Manusia dihadapkan kepada kenyataan dan permainan di dunia dan seringkali ada momen disaat progres daripada tujuan menjadi terhambat. Allah secara gamblang menyebut diri-Nya untuk memerintahkan manusia berdo'a:
وَقَالَ رَبُّكُمُ ٱدْعُونِىٓ أَسْتَجِبْ لَكُمْ ۚ إِنَّ ٱلَّذِينَ يَسْتَكْبِرُونَ عَنْ عِبَادَتِى سَيَدْخُلُونَ جَهَنَّمَ دَاخِرِينَ ٦٠
Dan Tuhanmu berfirman, "Berdoalah kepada-Ku, niscaya akan Aku perkenankan bagimu. Sesungguhnya orang-orang yang sombong tidak mau menyembah-Ku akan masuk neraka Jahanam dalam keadaan hina dina." - QS Al-Ghafir [40:60]

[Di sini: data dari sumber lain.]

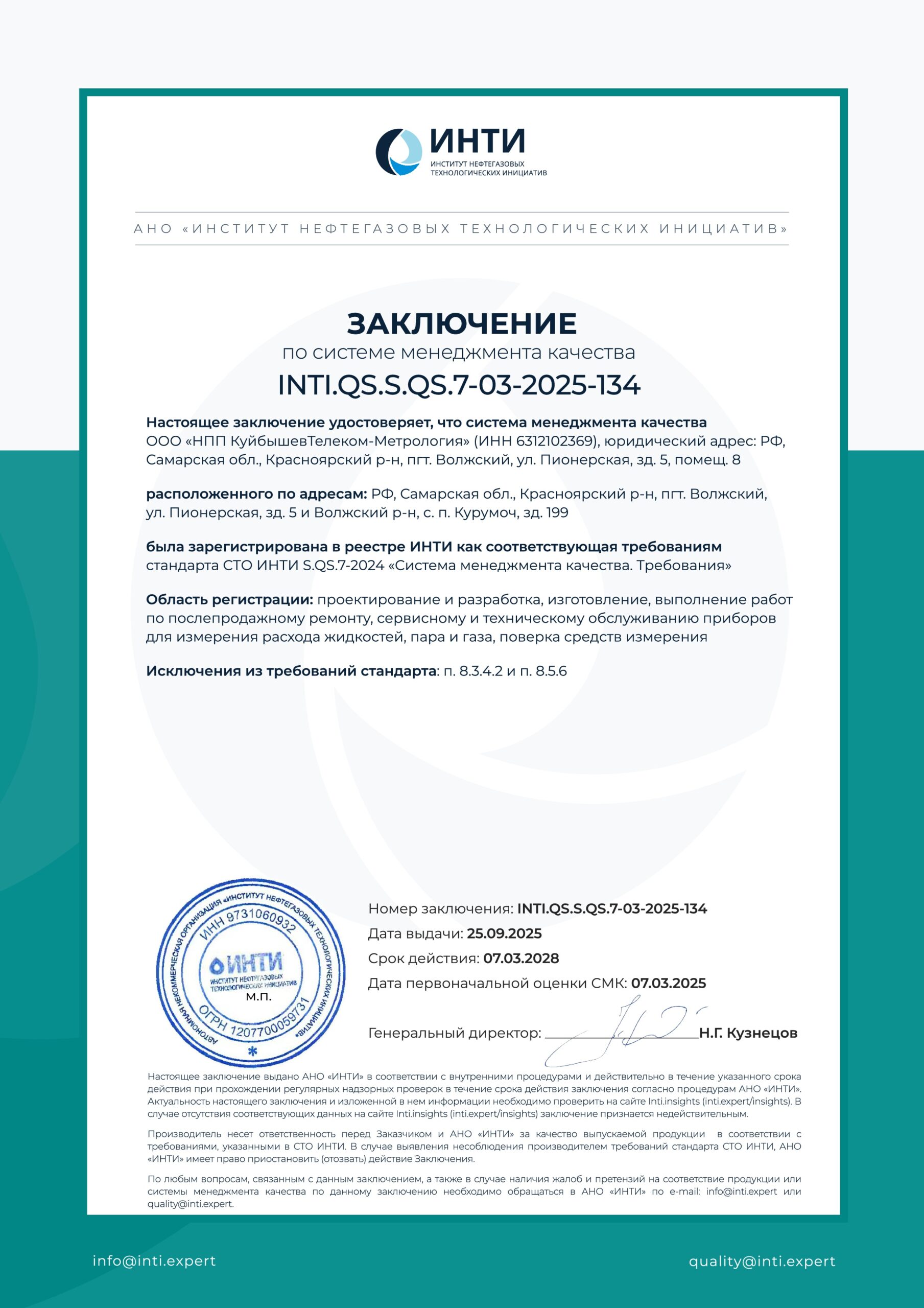 Заключение по СМК № INTI.QS.S.QS.7-03-2025-134,

Seperti yang saya sebut di posting sebelumnya, seringkali manusia itu adalah keterbalikan dari perintah di Al-Quran, yakni bisa jadi manusia jarang berdo'a kepada Rabb-nya dan tentang sombong adalah tercantum pada ayat yang lain yang Allah sendiri tidak menyukai sifat itu pada manusia:
وَلَا تُصَعِّرْ خَدَّكَ لِلنَّاسِ وَلَا تَمْشِ فِى ٱلْأَرْضِ مَرَحًا ۖ إِنَّ ٱللَّهَ لَا يُحِبُّ كُلَّ مُخْتَالٍۢ فَخُورٍۢ ١٨
Dan janganlah kamu memalingkan wajah dari manusia (karena sombong) dan janganlah berjalan di bumi dengan angkuh. Sungguh, Allah tidak menyukai orang-orang yang sombong dan membanggakan diri. - QS Luqman [31:18]
Dalam Kenyataan
Dalam sebuah do'a terkadang manusia tidak tahu bila yang diajukan itu keinginan atau kebutuhan. Bahkan ketika keinginan itu adalah sebuah beban (mis. harta), Allah boleh jadi memberikan seseorang jalan yang sukar atau waktu yang sulit, atau waktu yang belum pernah dialami semasa orang itu hidup, karena semenjak harta telah Allah tetapkan sebagai fitnah pada surat Al-Anfal ayat 28, dengan itu seseorang akan menempuh waktu yang cukup menguras tenaga untuk me-manage semua kekayaannya (bila dilakukan tanpa zakat), belum lagi ada pemain lain yang dapat memerangi dan akan merampas harta itu, dan boleh jadi pula orang yang merampas hartanya adalah orang yang diperintahkan oleh Allah, sementara disaat itu tidak diketahui. Di waktu-waktu itulah kesulitan apa yang diberikan kepada manusia sebagai respons itu manusia sedang berhadapan dengan Rabb-nya. Jadi, seseorang hendaknya tahu betul apa yang ia minta kepada Rabb-nya, maksudnya apakah yang ia minta sesuai dengan hukum-Nya, ataukah bertentangan. Sejauh ini yang saya rasakan dan yang saya alami, salah satu cara Rabb berinteraksi kepada manusia adalah dengan waktu, kejadian-kejadian yang terkadang pula belum dimengerti oleh manusia. Dan itu sering sekali terjadi pada para nabi sebelumnya, seperti disaat Nabi Musa a.s sedang diwahyukan di bukit dan melihat sebuah api.